The logic, which we have already seen with DeepSeek and Kimi, is that of the ecosystem: the more developers worldwide build on GLM-5, the more the adoption of the Z.ai platform, API services, and brand grows. It is a business model where model openness is the most effective marketing product, and at the same time, in the current geopolitical context, a tool of soft influence on the global artificial intelligence ecosystem.
However, a question must be raised that often remains in the background when talking about Chinese open-source models: the implications in terms of security and regulatory compliance. Zhipu AI operates under Chinese jurisdiction, with all the resulting obligations regarding national security and data access. The model itself, once downloaded, is independent of the company that created it, but those using the Z.ai API rely on an infrastructure subject to Chinese laws. For many Western companies, especially in regulated sectors, this is not a negligible detail. For individual developers or companies in less sensitive contexts, the MIT license guarantees a way out: download the weights, run the model independently, without external dependencies.
The issue of bias in training data, inevitable for any model trained on human text corpora, also remains an open question. Zhipu has not yet published a detailed technical report (the team announced it is "coming"), making it difficult to independently evaluate the choices made in data selection and the alignment phase. This omission is not a marginal detail: precisely on this point, American labs like Anthropic and OpenAI have built a significant part of their reputation, with extensive public documentation and explicit policies.
The emerging picture
Looking at the articles published on this portal in recent weeks, the pattern is unmistakable. In a compressed timeframe, DeepSeek, Moonshot (with Kimi), and Zhipu (con GLM) have released models that do not just "almost" reach the best American labs: in specific benchmarks and use cases, they surpass them, often at a fraction of the cost. This is not a temporal coincidence: it is the signal of a sector that has reached a critical mass of skills, capital, and, most significantly, a development capability on domestic hardware that American sanctions have not been able to stop, but have if anything accelerated.

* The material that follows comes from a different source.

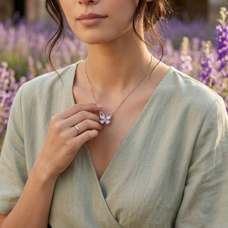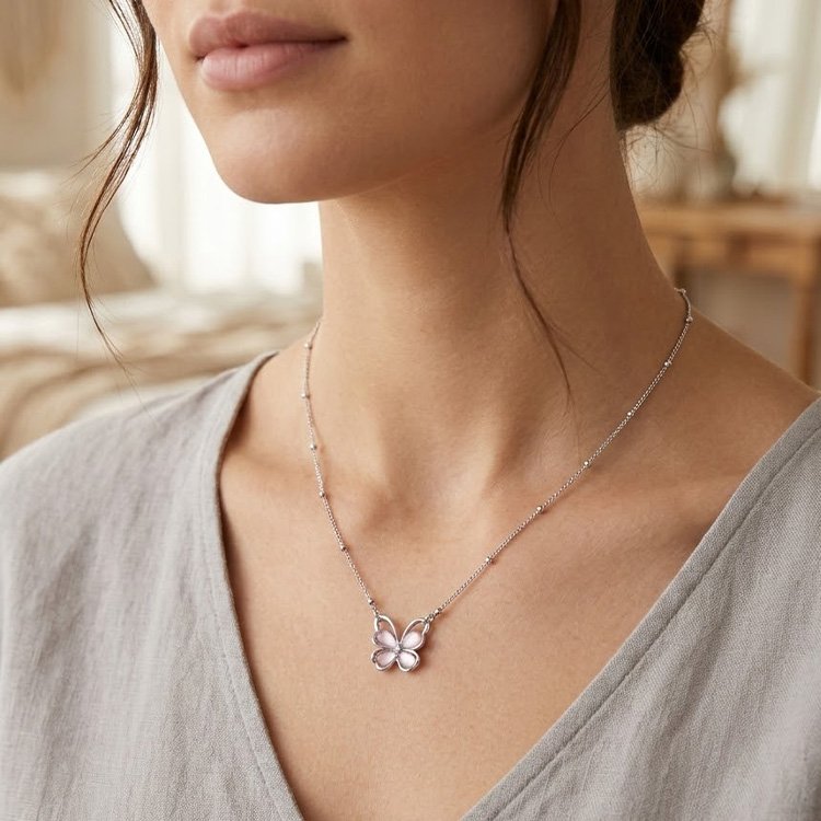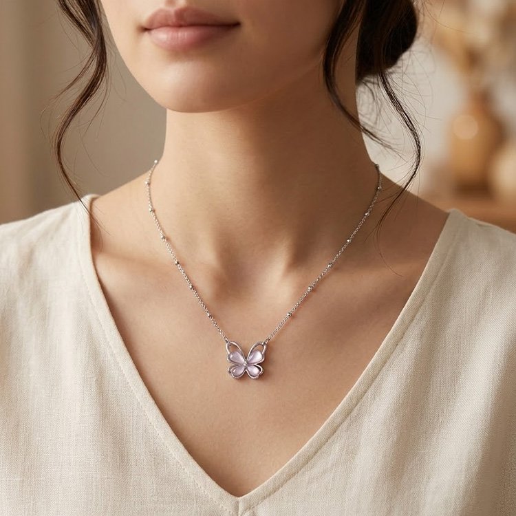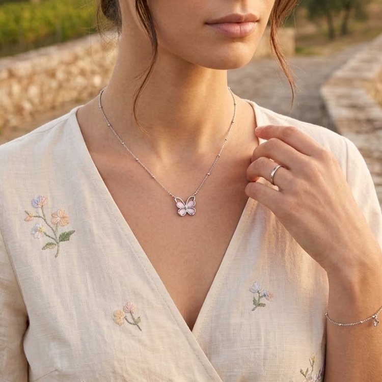 Delicate, romantic, and effortlessly elegant — the Pastel Butterfly Station Necklace is designed to add a soft touch of charm to any outfit. This beautiful Silver-tone necklace features a graceful open heart-shaped pendant, symbolizing love and timeless beauty.

The markets' response to Chinese models is not news for February 2026. The most striking precedent dates back to January 27, 2025, when the announcement of DeepSeek R1 wiped out nearly 600 billion dollars in capitalization from Nvidia in a single day—the fastest collapse in the history of the American stock market. GLM-5 fits into that groove: it did not provoke a comparable shock, but it consolidates the narrative that the market has already internalized—that of a Chinese ecosystem that does not need to slow down.

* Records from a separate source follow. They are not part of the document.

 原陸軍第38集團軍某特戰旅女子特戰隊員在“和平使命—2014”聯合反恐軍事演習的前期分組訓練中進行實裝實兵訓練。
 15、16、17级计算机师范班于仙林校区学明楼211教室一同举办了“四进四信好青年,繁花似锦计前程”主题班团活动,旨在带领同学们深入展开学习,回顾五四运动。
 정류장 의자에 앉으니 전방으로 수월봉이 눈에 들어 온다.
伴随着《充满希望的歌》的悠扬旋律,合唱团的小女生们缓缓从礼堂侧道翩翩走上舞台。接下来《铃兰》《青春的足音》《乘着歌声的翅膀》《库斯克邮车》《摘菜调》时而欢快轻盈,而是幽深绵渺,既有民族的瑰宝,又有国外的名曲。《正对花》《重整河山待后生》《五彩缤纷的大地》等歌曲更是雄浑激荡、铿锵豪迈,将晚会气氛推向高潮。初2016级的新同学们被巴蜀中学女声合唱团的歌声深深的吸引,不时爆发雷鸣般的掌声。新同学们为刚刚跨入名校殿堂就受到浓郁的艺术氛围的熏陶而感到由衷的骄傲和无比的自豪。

For the sector as a whole, the lesson of GLM-5, like that of DeepSeek and Kimi before it, is that the race for artificial intelligence is no longer a competition between just two teams. Those designing infrastructures, evaluating suppliers, or making investment decisions in the technology sector must reckon with a genuinely multipolar ecosystem, where geopolitical variables, licensing choices, and hardware dependencies have become an integral part of technical analysis.
GLM-5 is freely available on Hugging Face, testable via API at Z.ai, and technical details can be consulted on the official GitHub repository. Those who want to have an informed opinion have all the material available to form one.